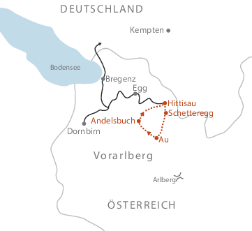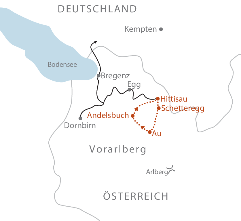 Bis Bhf. Dornbirn oder Bregenz, jeweils mit den öffentlichen Bus weiter nach Hittisau (von Dornbirn aus etwas kürzer). Ein Transfer zum ersten Hotel kann auf Anfrage organisiert werden (nicht im Reisepreis inkludiert).
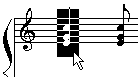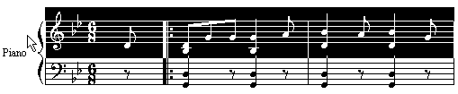 Per seleccionar un pentagrama situeu el punter del ratolí davant del pentagrama que voleu seleccionar, just a l'espai en blanc que hi ha entre el marge esquerra de la finestra i el començament del pentagrama. Feu clic una vegada i seleccionareu el pentagrama sencer en aquest sistema. Si feu doble clic seleccionareu el pentagrama que heu assenyalat en tots els sistemes, a partir del lloc on hagueu fet clic. (Imatge 3)
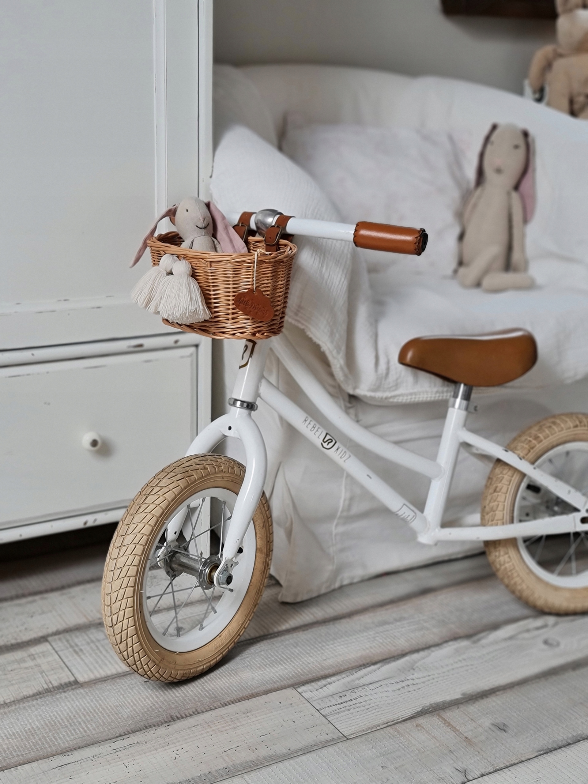 Красивий плетений велосипедний кошик із застібками з натуральної шкіри. Для найнеобхідніших скарбів маленького мандрівника.
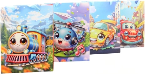 - Veselý motiv – barevné dopravní prostředky pro radostné předání dárku
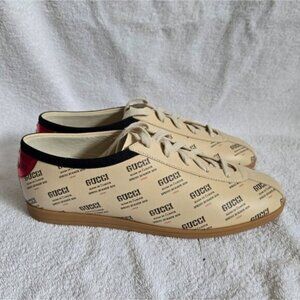 NWOT Gucci Falacer Invite Print Beige and Red Logo Sneakers
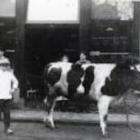 Winkel van slagerij C. Kaars op de hoek Westhaven 36/Korte Noodgodstraat. Vlnr 1. slager C. Kaars, 3. R. Veerman, sigarenwinkelier aan de Turfmarkt, 4. mej. Zambach, 5. mevr. A. Kaars, 6. slager de Wit met koe. Op de voorgrond slagersjongen J. Jongeneel. 1925.
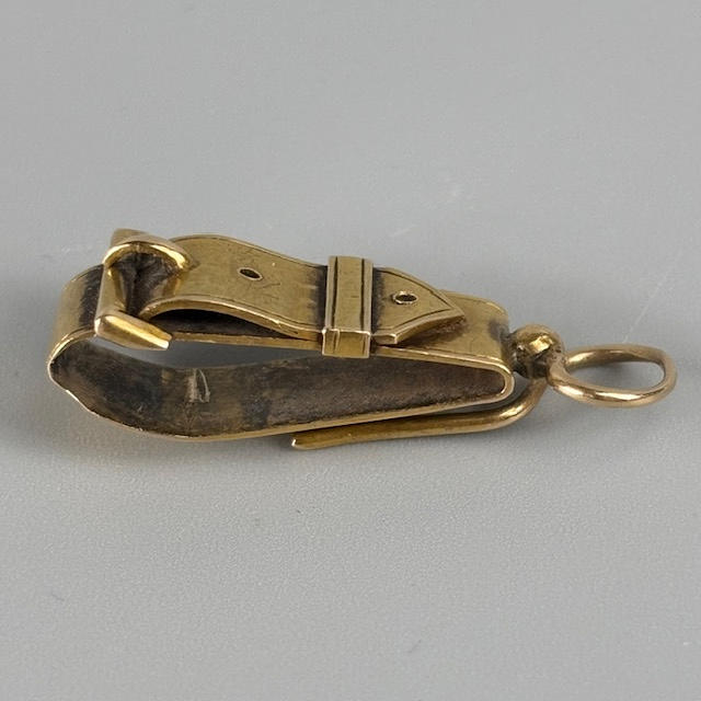 Antique yellow metal belt and buckle, possible scarf or napkin clip, approximately 3.7g.
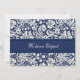 Cartões de anúncio em elegante azul escuro marinho e creme de cor damasco floral clássica branca, totalmente personalizável com seus nomes e detalhes de casamento, a maneira perfeita de anunciar sua eleição para amigos e familiares. Disponível em uma grande variedade de produtos de casamento correspondentes.
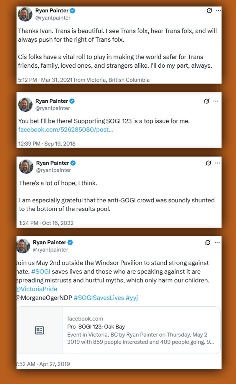 He posted in support of the SOGI curriculum in schools and took credit for organizing counter-protests against parents who opposed it.
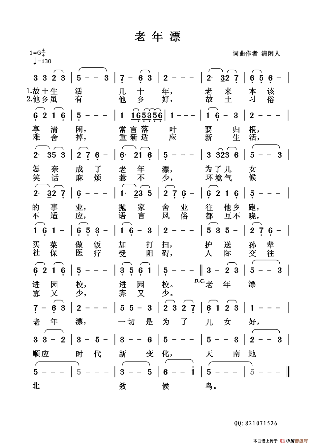 ⒈故土生活几十年,老来本该享清闲,常言落叶要归根,怎奈成了老年漂,为了儿女的事业,抛家舍业往他乡跑,买菜做饭加打扫,护送孙辈进园校,进园校。
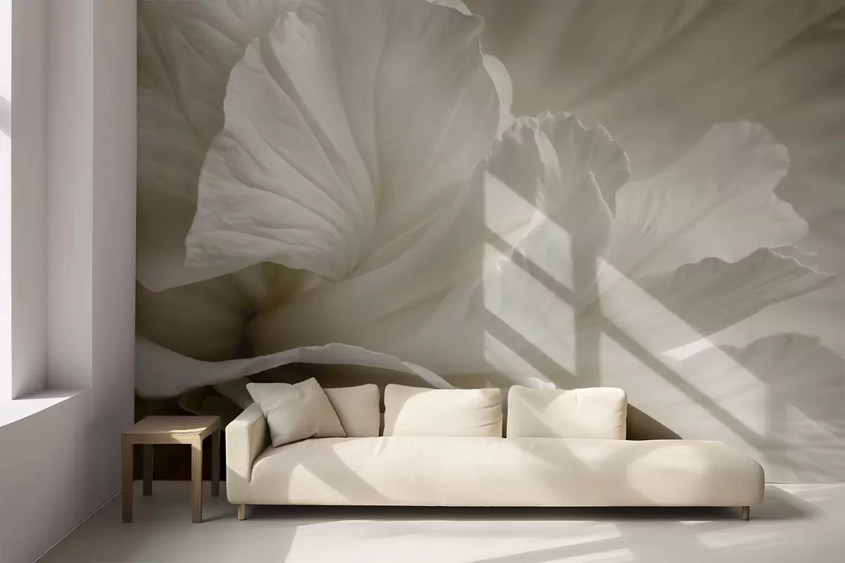 Fototapeta Abstrakcyjny minimalistyczny nadruk delikatnego białego kwiatu z miękkimi, aksamitnymi płatkami Nr w08424

════════════════

_ABOUT THIS TASK_: Keep the pictures out of your copy. Copy only the lines from the line that holds "Cartões de anúncio" through the last line of the listing above, both included.

_REPLY_:
 Cartões de anúncio em elegante azul escuro marinho e creme de cor damasco floral clássica branca, totalmente personalizável com seus nomes e detalhes de casamento, a maneira perfeita de anunciar sua eleição para amigos e familiares. Disponível em uma grande variedade de produtos de casamento correspondentes.
 He posted in support of the SOGI curriculum in schools and took credit for organizing counter-protests against parents who opposed it.
 ⒈故土生活几十年,老来本该享清闲,常言落叶要归根,怎奈成了老年漂,为了儿女的事业,抛家舍业往他乡跑,买菜做饭加打扫,护送孙辈进园校,进园校。
 Fototapeta Abstrakcyjny minimalistyczny nadruk delikatnego białego kwiatu z miękkimi, aksamitnymi płatkami Nr w08424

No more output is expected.